If you have it in the polo surely you can decide if you want it in the golf ? I hated by dsg car, it wasn't a patch on a decent auto box. I've tried the 7 speed in the mk7 golf and while it was better it still wasn't as good as the 8 speed box in the jag xf.


----------



## rf860 (Jul 24, 2011)

SteveTDCi said:


> If you have it in the polo surely you can decide if you want it in the golf ? I hated by dsg car, it wasn't a patch on a decent auto box. I've tried the 7 speed in the mk7 golf and while it was better it still wasn't as good as the 8 speed box in the jag xf.


Kinda unfair comparing a vw to a jag.

I thought the dsg was good outside town, but in traffic and stop start driving I found it a bit jerky.

Vw manuals are nice to use anyway. Short and precise gear change.


----------



## yetizone (Jun 25, 2008)

I spoke to a couple of VW specialists this weekend asking them to expand on DSG reliability and most were generally in praise of the system - when it works! Though all said it can be troublesome. The bods I spoke to specified the early intro era DSG boxes seem to have caused most issues - understandable being new tech then in 2005. There seemed to be an approximate mileage figure of roughly 60-70K point where failure seemed to occur. The MK6 is generally more reliable, but again there are failures and when a mechatronic unit pops, its 1K plus for a repair. 

If the DSG was a bulletproof as a manual then it would be DSG every time for me, as the Polo has been a pleasure from day one - Silky smooth, responsive, immediate gear changes with no jerkiness as often reported with this DSG variant. As a company car we had the luxury of warranty protection if anything goes wrong, a dealer warranty on a used car is gong to be limited to a year if from a main dealer.

I'm finding that MK6 GTi's are not as common as anticipated either as they they were not on sale for very long, so I think I'm going to have to go on overall condition and history and how well the vehicle has been cared for overall, rather than worrying unduly about which gearbox comes with the car.


----------



## SteveTDCi (Feb 8, 2006)

I think it's fair to compare the jag box to the dsg in the vw, it's also the same box as bmw use in the 1 series which is equal to the golf. My comparison is more about a torque convertor auto compared to direct shift.

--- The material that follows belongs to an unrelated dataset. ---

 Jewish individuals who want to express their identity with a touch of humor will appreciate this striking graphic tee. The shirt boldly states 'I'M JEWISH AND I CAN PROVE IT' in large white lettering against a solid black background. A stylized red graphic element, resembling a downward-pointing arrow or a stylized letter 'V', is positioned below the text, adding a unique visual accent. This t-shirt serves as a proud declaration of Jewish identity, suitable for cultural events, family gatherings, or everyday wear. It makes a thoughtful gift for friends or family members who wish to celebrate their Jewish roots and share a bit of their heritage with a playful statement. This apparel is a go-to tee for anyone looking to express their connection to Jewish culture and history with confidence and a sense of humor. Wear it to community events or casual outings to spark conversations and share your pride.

My dsg was a 2005 and was jerky, I'm sure the mechatronic unit was on the way out, the 7 speed I had in a golf mk7 on demo was smoother but still not seem less. Op, have you considered the Octavia vrs ?


----------



## yetizone (Jun 25, 2008)

After much consideration and a few test drives, the decision was made. A MK6 GTi manual was chosen in preference to DSG.

We drove two main dealer supplied, low mileage DSG examples back to back with a manual, actually preferring the manual in the end as the gearbox felt so much better than expected - crisp, tight and precise - a pleasure to use. Unlike our Passat where the gear shift feels like its stirring porridge.

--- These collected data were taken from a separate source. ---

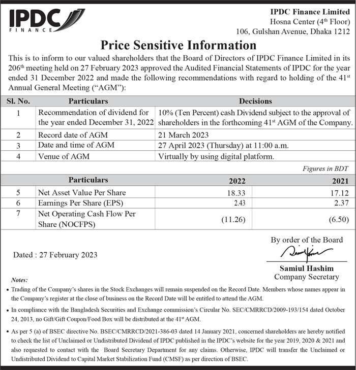 Price Sensitive information (Dividend Declaration for the year of 2022) of IPDC Finance Ltd.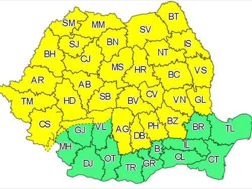Un număr de 32 de judeţe se află sub ”Cod galben de instabilitate atmosferică” până marţi dimineaţa, potrivit unei avertizări emise de Administraţia Naţională de Meteorologie (ANM).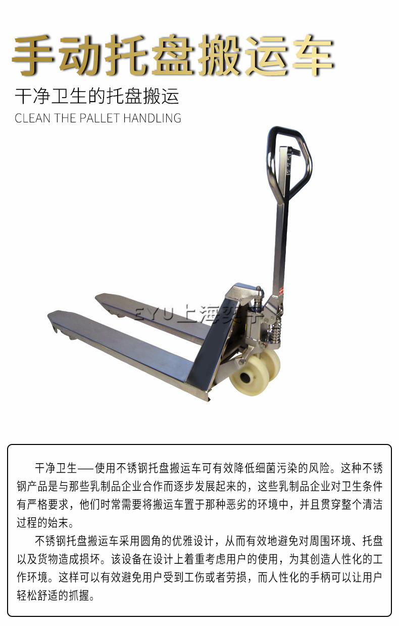 不銹鋼手動(dòng)液壓搬運(yùn)車除了車輪子以及密封件以外,其他所有零部件均由不銹鋼制作。如油缸、車架、手柄、推桿、軸承、插銷等;使產(chǎn)品有很強(qiáng)的抗腐蝕能力,適用于冷庫及潔凈度、抗腐蝕性要求比較高的場(chǎng)所,如肉類加工、奶制品加工、食品加工、 水產(chǎn)品加工和高熱、潮濕的環(huán)境使用。

The DSG in both cases did not feel as seamless as the latest incarnation of VW's semi-auto box, and in the end the crisp manual shift won the day, even though we enjoyed the DSG in our Polo and I'm still a huge fan of the tech. Maybe its the difference between the 7 speed newer Polo box and the older 6 speed in the Golf? Somehow the shifts in the Polo always felt totally seamless - in the Golf I was more aware of the box working?

Anyway, for VW nuts on here, its a three door in black with 18" Monza's and the unexpected bonus of an old fashioned tilt and slide sunroof! Its swirl central, covered in fallout, pollen, sap and tar so a lot of work to bring it back to a crisp shiny finish, but that is part of the fun I guess. We actually got to view the vehicle in its filthy unloved raw state having only been delivered to the VW dealership the night before by the owner (trading in for a MK7 GTi with a similar spec)...


----------



## rf860 (Jul 24, 2011)

Looks good. The manual golfs do have a nice gear change. 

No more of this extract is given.